People Centric Consulting Group walks you through the types of interviews you need to conduct to get the right hire.

By Diana Day

Jan 31 2017 at 8:57 a.m.


The average company loses 20 to 50 percent of its employee base each year. This means that $11 billion each year is lost due to employee turnover. Hiring should be a common topic in your organization. Even when you are not currently hiring, you and your organization should be thinking about your next hire. 

A crucial piece of the hiring process is the interviews. Depending on the position, culture or experience of the candidate, there are various types of interviews that organizations can conduct to help determine if the candidate is the right fit. 

Screening Interview (A quick look to see if you’re even interested):

People Centric recommends hiring slowly and being thorough to get the right hire. However, with a screening interview, the goal is to eliminate those who are inappropriate for the position as quickly as possible. A screening interview should take no more than 30 minutes. Ask questions to uncover any red flags related to a candidate’s experience, skills and cultural fit. After a candidate’s response, ask additional questions beginning with “what,” “how,” or “tell me more about.” Pull the plug on candidates that don’t fit and pass the ones that do fit on to the next round of interviews. 

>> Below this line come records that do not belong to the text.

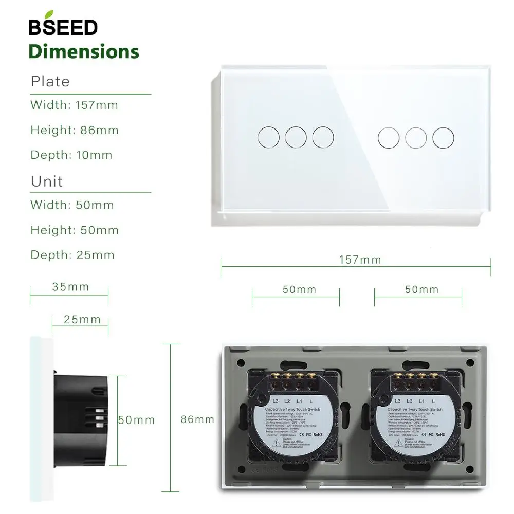 Сенсорный выключатель бренда Bseed, сенсорный переключатель с 2 кла...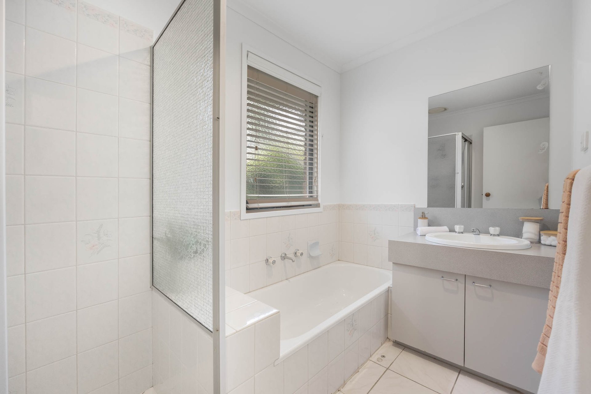 Accommodation comprises 4 bedrooms, led by a main suite with a walk-in robe and ensuite. Three further bedrooms are served by a central bathroom appointed with a shower, bath, and separate WC.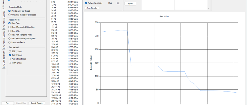 Nejprve se podíváme na rychlost čtení paměti, pokud se použije pouze jedno CPU jádro/vlákno. Do srovnávacího grafu uvádím hodnotu u "nejvzdálenějšího" množství paměti, čímž se eliminuje vysoká propustnost L1/L2/L3 cache. Na screenshotu ale můžete vidět i jednotlivé kroky, jak nám propustnost postupně klesá.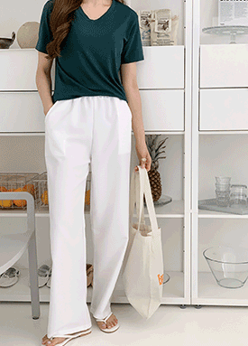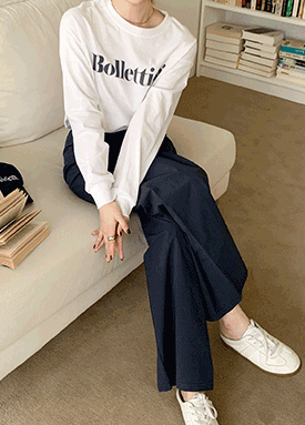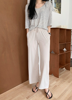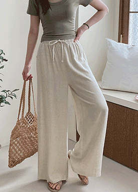 캐주얼 리본 허리밴딩 와이드 팬츠 [44~66츠천]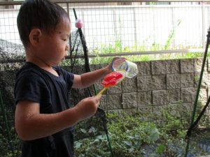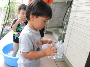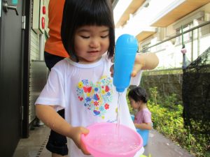 子ども達もその日の気分で水遊びの内容を変えているようですね!
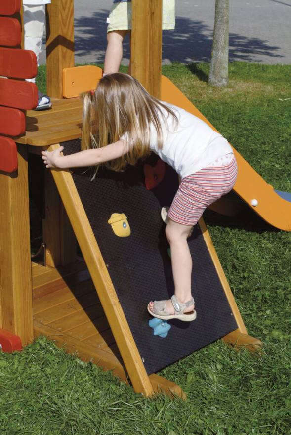 Aufstiege: Kletterwand mit Kunststoff-Klettergriffen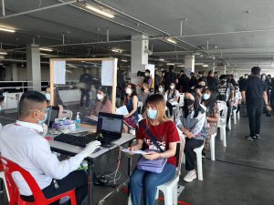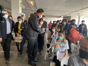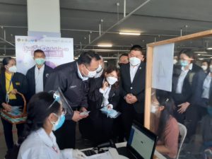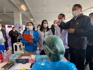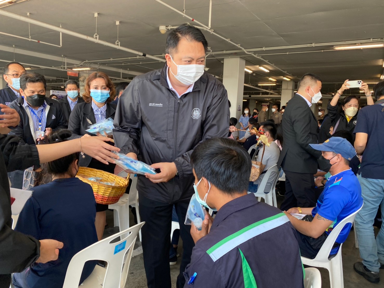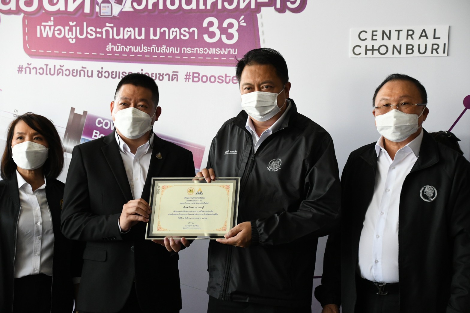 วันศุกร์ที่ 21 มกราคม 2565 เวลา 10.00น. นายสุชาติ ชมกลิ่น รัฐมนตรีว่าการกระทรวงแรงงาน พร้อมด้วยผู้บริหารระดับสูงกระทรวงแรงงานลงพื้นที่ตรวจเยี่ยมและให้กำลังใจผู้ประกันตนมาตรา 33 ที่มาฉีดวัคซีนโควิด-19 เข็ม 3 (Booster Dose) ณ ศูนย์ฉีดวัคซีนโควิด-19 เพื่อผู้ประกันตน ม. 33 ศูนย์การค้าเซ็นทรัลพลาซ่า จังหวัดชลบุรี โดยมี นายนิติ วิวัฒน์วานิช รองผู้ว่าราชการจังหวัดชลบุรี นายเศรษฐวุฒิ ทัตสุระ ผู้จัดการทั่วไปศูนย์การค้า นางสาวกรจิรัฏฐ์ พงจันทร์ศธร แรงงานจังหวัดชลบุรี นายสราวุธ สุขสวรรค์ ประกันสังคมจังหวัดชลบุรี พร้อมด้วยหัวหน้าส่วนราชการสังกัดกระทรวงแรงงานจังหวัดชลบุรีร่วมให้การต้อนรับโดยพร้อมเพรียงกัน

Sample questions might include:

What are your career goals?

What are you good at professionally?

What are you not interested in doing?

Who were your last five bosses, and how will they each rate your performance on a one to 10 scale when we talk to them?

Going Deeper Interview (Learn the most information about a candidate):

The goal of the going deeper interview is to uncover patterns in a candidate’s career and then match that with your scorecard. This is the most valid and reliable predictor of performance. The expectations from this interview should be explained up front, and the interview should be conducted by at least two people. Explain that their career story will be put into chapters, and your organization will be looking into each chapter. To do this, you can ask the following:

What were you hired to do?

What accomplishments are you most proud of?

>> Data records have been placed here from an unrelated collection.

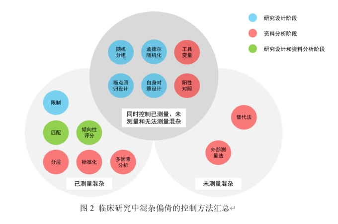 混杂偏倚的控制应贯穿临床研究设计和资料分析的全过程,针对已测量、未测量和无法测量混杂,存在不同的混杂控制方法。作者从混杂偏倚的定义和识别入手,按照混杂类型和研究阶段,梳理归纳了临床研究中混杂偏倚控制的原则和方法,包含不同混杂控制方法的适用条件和优缺点,以及残余混杂的测量和混杂偏倚控制的综合策略。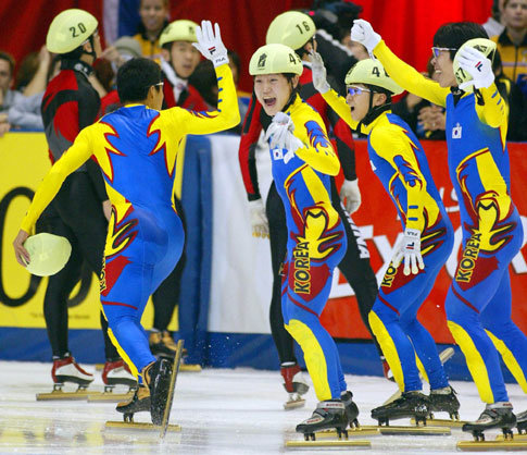 캐나다 몬트리올 모리스 리차드 경기장에서 벌어진 2002 쇼트트랙 스피드스케이팅 세계 선수권대회 남자 5000m계주에서 금메달을 따낸 김동성,이승재,안현수,안중현(왼쪽부터)이 환호하고 있다.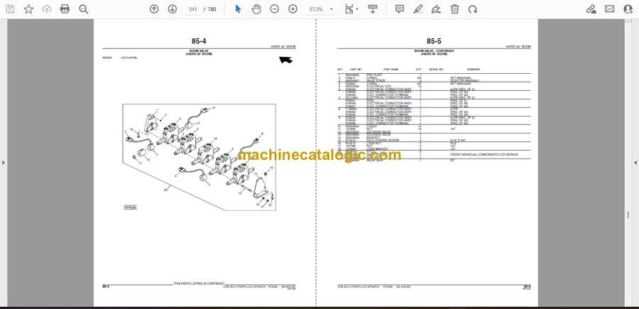 Out in the field, the 4700 sprayer spends its life running fertilizer and chemicals over big acres, often in rough, dusty conditions. This parts catalog is what I grab when I need to positively identify what’s on the machine before I order anything. Say a boom section gets bent and you’ve got damaged nozzles, brackets, and hoses—this book lets me walk through the exploded views, trace how everything ties together, and make sure I’m not missing a tiny bushing or seal that will hold the job up.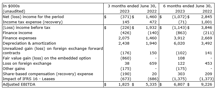 Swiss Water defines adjusted EBITDA as net income before interest, depreciation, amortization, impairments, share-based compensation, gains/losses on foreign exchange, gains/losses on disposal of property and capital equipment, fair value adjustments on embedded options, loss on extinguishment of debt, adjustment for the impact of IFRS 16 -- Leases, and provision for income taxes and other non-cash gains related to a remeasurement of asset retirement obligation. The company's definition of adjusted EBITDA also excludes unrealized gains and losses on the undesignated portion of foreign exchange forward contracts.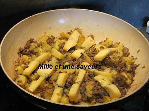 Avec ce temps pas terrible et pluvieux, voici la recette d'une poêlée de pommes de terre, courgettes à la viande hachée, un bon plat complet facile et rapide à réaliser.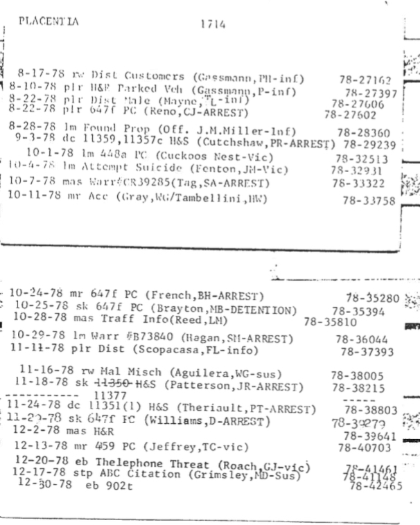 Published inSource Documents for Part III – Cuckoo’s Nest Arrest Index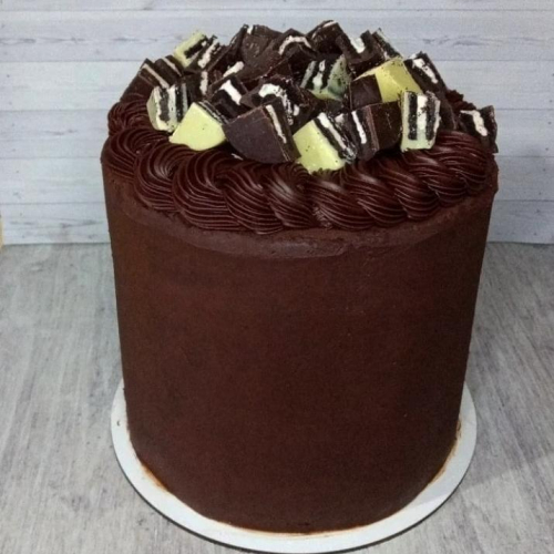 Torta Bruce rellena de ganache de chocolate y oreos. Cobertura de ganache de chocolate y oreos bañadas en chocolate blanco y negro.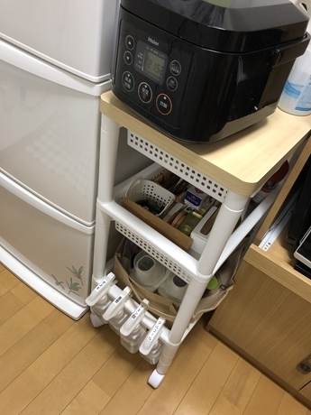 食器棚を探していましたが、どれも高価だったため、ニトリの三段ボックスにしました。(ニトリやIKEAなどいろんなところで探しました。)2つ並べてキッチンに置いていますが、大きさはバッチリ。また、上に炊飯器と電子レンジを置くこともできます。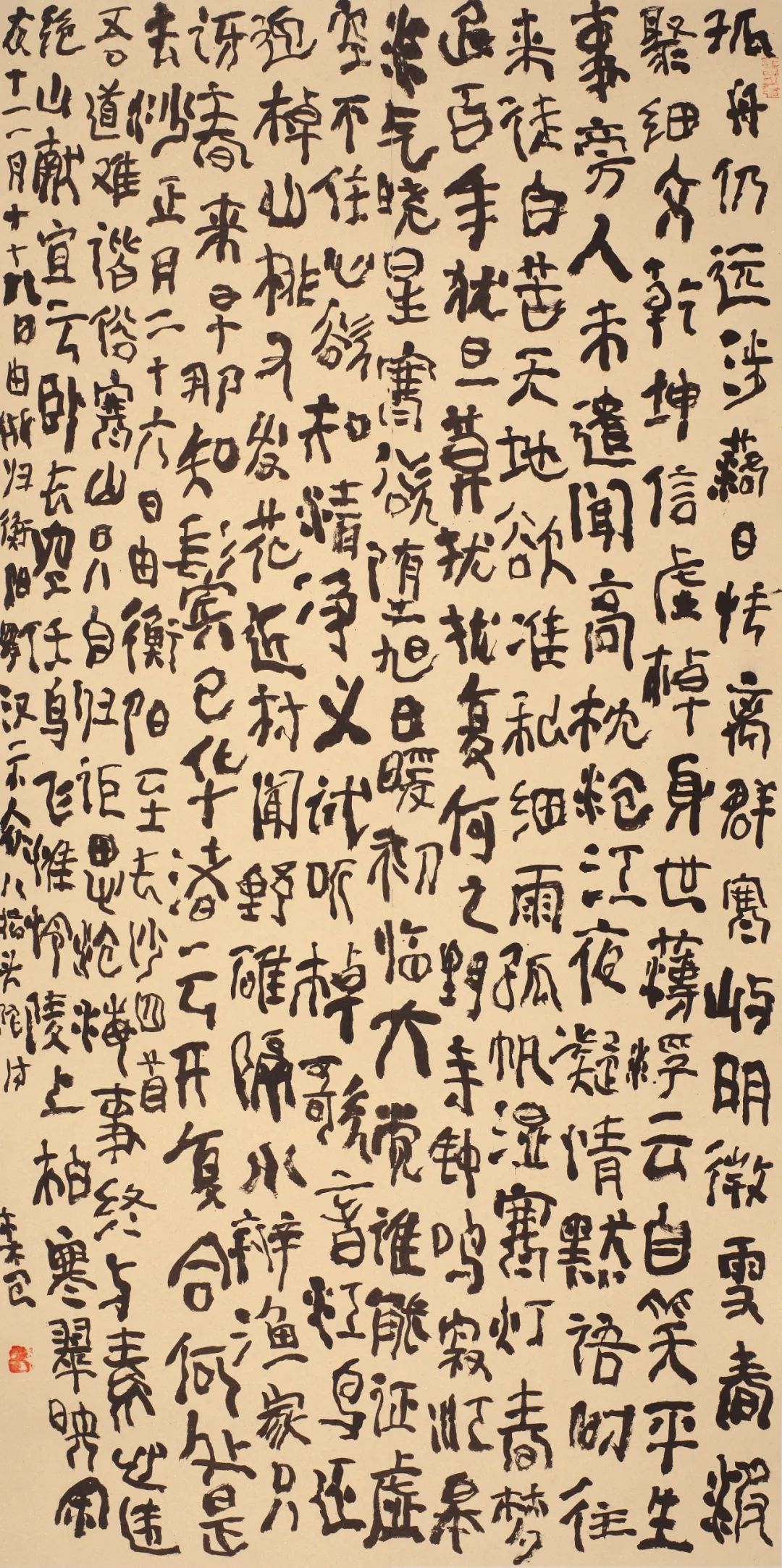 时代风格,更多地体现为艺术随时序世情更迭而变化。清人梁巘《评书帖》中有“晋尚韵、唐尚法、宋尚意、元明尚态”,此间的“韵”“法”“意”“态”,均以一个字而概括时代风格。当然,时代风格非空中楼阁,须以继承传统为基础。宗白华说:“历史上向前一步的发展,往往是伴着向后一步的探本穷源。”进言之,新艺术风格的诞生,应有“积学以储宝”的过程。师古皆属“积学”的重要途径,艺术家在对传统充分了解、学习、继承、掌握的基础上,敏锐地捕捉所处时代的社会文化环境特征,师古师心,因情而变,顺势而作,凌逾古今——恰如千年前的苏轼,“本之平原以树其骨,酌之少师以发其姿,参之北海以峻其势”,博采众家之长又独出机杼,成为尚意时代书风的典范。今人高二适亦有“出入于千数百家而自成一体”。所谓“一代之风,无有不肖乎一代之人与文者”,可见书、文乃一律也。由是,我们不妨借《文心雕龙·通变》的文字来概括书法之时代风格的酝酿与形成:“文(书)律运周,日新其业。变则可久,通则不乏。趋时必果,乘机无怯。望今制奇,参古定法。”新时代,书法获得了新的角色。其植根于中国特色社会主义文化沃土,以无比自信的姿态吸吮传统的源头活水,“中国风格”“中国气派”成为创作理念,“中华美学精神”成为创作导引,“筑就中华民族伟大复兴时代文艺高峰”成为追求目标。新时代的浩浩书风中,国家、民族、个人的前程、使命、责任、审美、希冀,皆蕴于其间……新年将至,我约请曾来德先生策展,邀请当今书家以时代新作玉成了中国美术馆学术邀请系列展。相信通过展览,观众能体会到新时代书法家的壮志与活力,领略到新时代书风中蕴含的文韵与春意。

What were some of the low points during that job?

Who were the people you worked with (get specifics)?

Why did you leave?

Be sure to get elaborate answers for these questions. Ask the follow up questions of “who,” “what” and “tell me more,” if necessary. 

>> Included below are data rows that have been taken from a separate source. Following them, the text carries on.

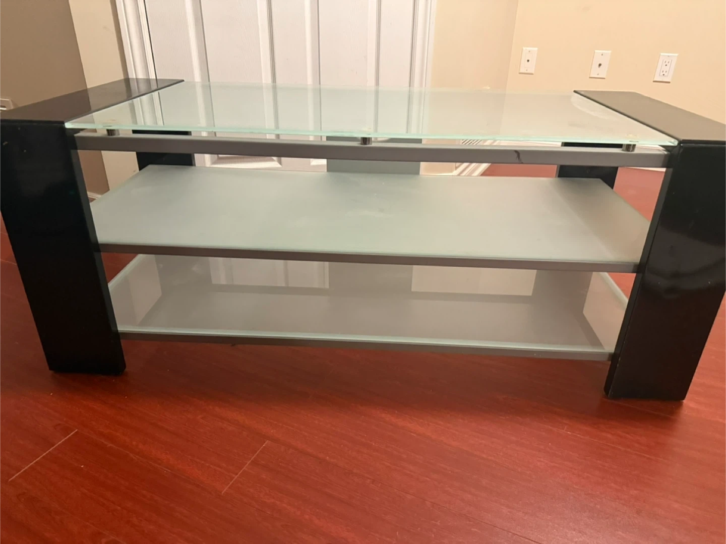 A stylish TV stand featuring a tempered glass top and two lower shelves. It has black metal accents for a modern look. Perfect for organizing your media devices and accessories.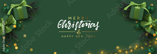 The watermark will not be included on Wall mural.: Holiday banner merry christmas and happy new year - xmas design with realistic objects, realistic dar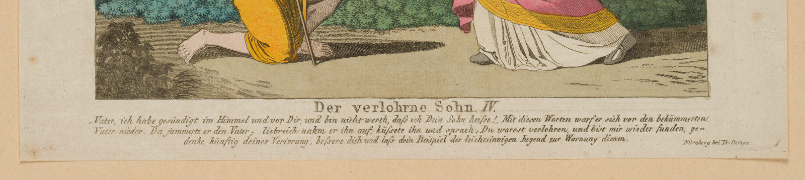 - Inscription: Inscribed below and accompanied by a narrative text. With indication of the publisher: “Nürnberg bei Fr. Campe”. August Friedrich Campe (1777 Holzminden – 1846 Nuremberg) was a bookseller and ran a publishing house primarily of the Enlightenment type. In 1825 he enforced the new stock exchange regulations in Leipzig and became co-founder and first director of the Börsenverein Deutscher Buchhändler.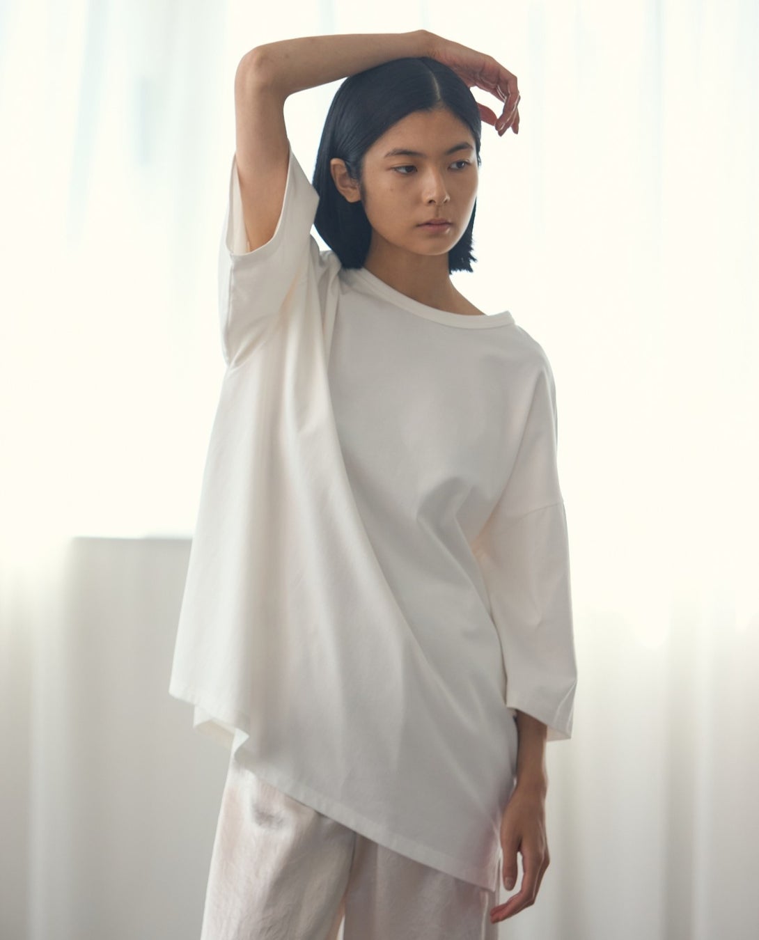 たっぷりとしたワイドシルエットと、やや詰まり気味のネックラインが絶妙なバランス。一枚で着ても様になる、肌ざわりもさらりとした、リラックス感あふれる一着です。

Focused Interview (Determine if they can do the job and interact with your team):

A focused interview can be extremely beneficial because it allows other team members to gather additional information regarding the candidate. Although it is a thorough interview, it should not be conducted like a going deeper interview. This interview should also focus on the outcomes and competencies of the scorecard, and it should last about 30 to 45 minutes. Sample questions could include:

What are your biggest accomplishments in this area during your career?

What are your insights into your biggest mistakes and lessons learned in this area?

Other questions should be asked that can help you gauge the candidates cultural fit. Ask them how they view the company culture, where they think they will fit and where they think they will not fit. 

Reference Interview (Don’t skip this one):

It is vital for hiring managers to check with the right references. These can include bosses and peers mentioned in the going deeper interview, not just those listed the standard reference list. A useful tip is to ask the candidate to set up the interview to avoid roadblocks. References should be used to validate and test what the candidate stated.